- GOAL OF THE EXERCISE:
What are the lines below, starting at the line containing "(查春红主任讲述了口腔专科护" and ending at the line containing "Gregorio Sciltian (1900-1985), Betsabea, 1953, oil"? Write them out exactly, ends included, without pictures.

╭─ INPUT FOR THIS TASK

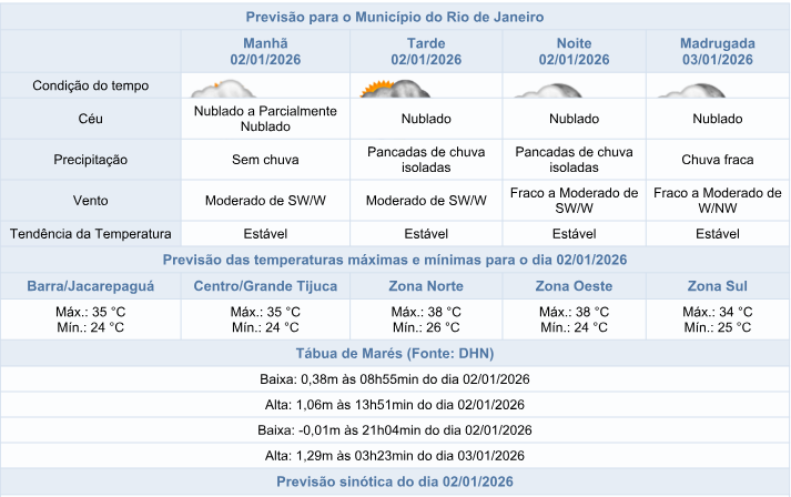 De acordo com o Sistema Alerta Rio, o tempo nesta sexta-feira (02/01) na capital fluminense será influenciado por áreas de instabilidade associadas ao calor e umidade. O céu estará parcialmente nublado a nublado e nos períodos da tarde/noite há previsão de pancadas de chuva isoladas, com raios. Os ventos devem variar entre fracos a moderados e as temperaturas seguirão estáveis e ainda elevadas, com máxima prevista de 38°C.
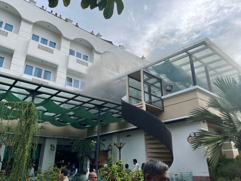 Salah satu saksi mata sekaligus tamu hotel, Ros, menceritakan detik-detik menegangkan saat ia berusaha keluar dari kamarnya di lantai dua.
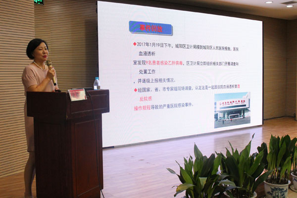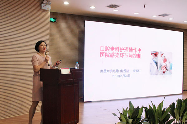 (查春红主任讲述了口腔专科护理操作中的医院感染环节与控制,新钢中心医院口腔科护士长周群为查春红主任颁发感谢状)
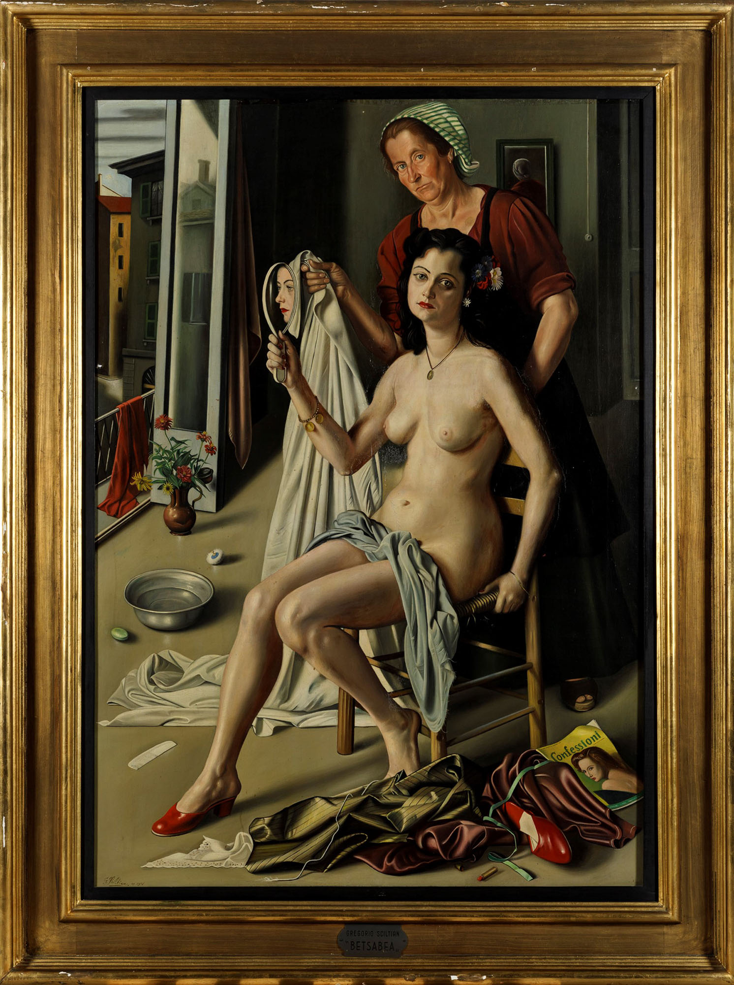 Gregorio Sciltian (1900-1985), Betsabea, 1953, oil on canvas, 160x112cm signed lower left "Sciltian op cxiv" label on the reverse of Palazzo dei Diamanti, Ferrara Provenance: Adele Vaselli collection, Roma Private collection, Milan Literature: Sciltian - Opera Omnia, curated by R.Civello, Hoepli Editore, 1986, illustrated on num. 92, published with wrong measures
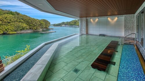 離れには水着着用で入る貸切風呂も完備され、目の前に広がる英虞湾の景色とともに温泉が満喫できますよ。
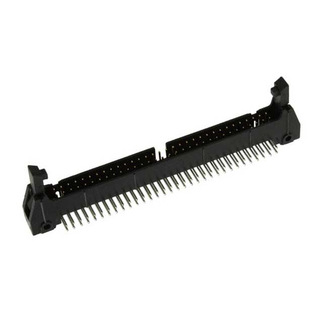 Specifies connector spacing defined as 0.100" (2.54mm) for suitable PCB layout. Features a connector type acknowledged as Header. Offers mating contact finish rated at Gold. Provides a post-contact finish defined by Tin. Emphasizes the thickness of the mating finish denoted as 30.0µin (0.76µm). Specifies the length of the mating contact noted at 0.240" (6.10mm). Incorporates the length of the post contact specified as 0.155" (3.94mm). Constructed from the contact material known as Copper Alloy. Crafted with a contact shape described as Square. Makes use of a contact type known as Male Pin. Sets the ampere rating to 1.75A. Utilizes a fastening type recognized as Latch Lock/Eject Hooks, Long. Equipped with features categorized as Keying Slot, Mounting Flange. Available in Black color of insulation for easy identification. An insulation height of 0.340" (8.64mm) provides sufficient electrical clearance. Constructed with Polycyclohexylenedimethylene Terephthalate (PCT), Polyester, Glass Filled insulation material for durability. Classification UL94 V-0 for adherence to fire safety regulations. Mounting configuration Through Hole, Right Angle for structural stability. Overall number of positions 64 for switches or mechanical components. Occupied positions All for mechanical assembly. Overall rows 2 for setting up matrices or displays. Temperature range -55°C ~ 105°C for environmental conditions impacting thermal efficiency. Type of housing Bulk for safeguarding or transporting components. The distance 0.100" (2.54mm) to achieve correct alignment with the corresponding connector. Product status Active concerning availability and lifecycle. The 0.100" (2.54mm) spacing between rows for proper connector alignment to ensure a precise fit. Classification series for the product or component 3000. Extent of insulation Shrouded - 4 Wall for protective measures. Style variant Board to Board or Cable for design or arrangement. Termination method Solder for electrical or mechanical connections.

╰─

- THE ANSWER:
 (查春红主任讲述了口腔专科护理操作中的医院感染环节与控制,新钢中心医院口腔科护士长周群为查春红主任颁发感谢状)
 Gregorio Sciltian (1900-1985), Betsabea, 1953, oil on canvas, 160x112cm signed lower left "Sciltian op cxiv" label on the reverse of Palazzo dei Diamanti, Ferrara Provenance: Adele Vaselli collection, Roma Private collection, Milan Literature: Sciltian - Opera Omnia, curated by R.Civello, Hoepli Editore, 1986, illustrated on num. 92, published with wrong measures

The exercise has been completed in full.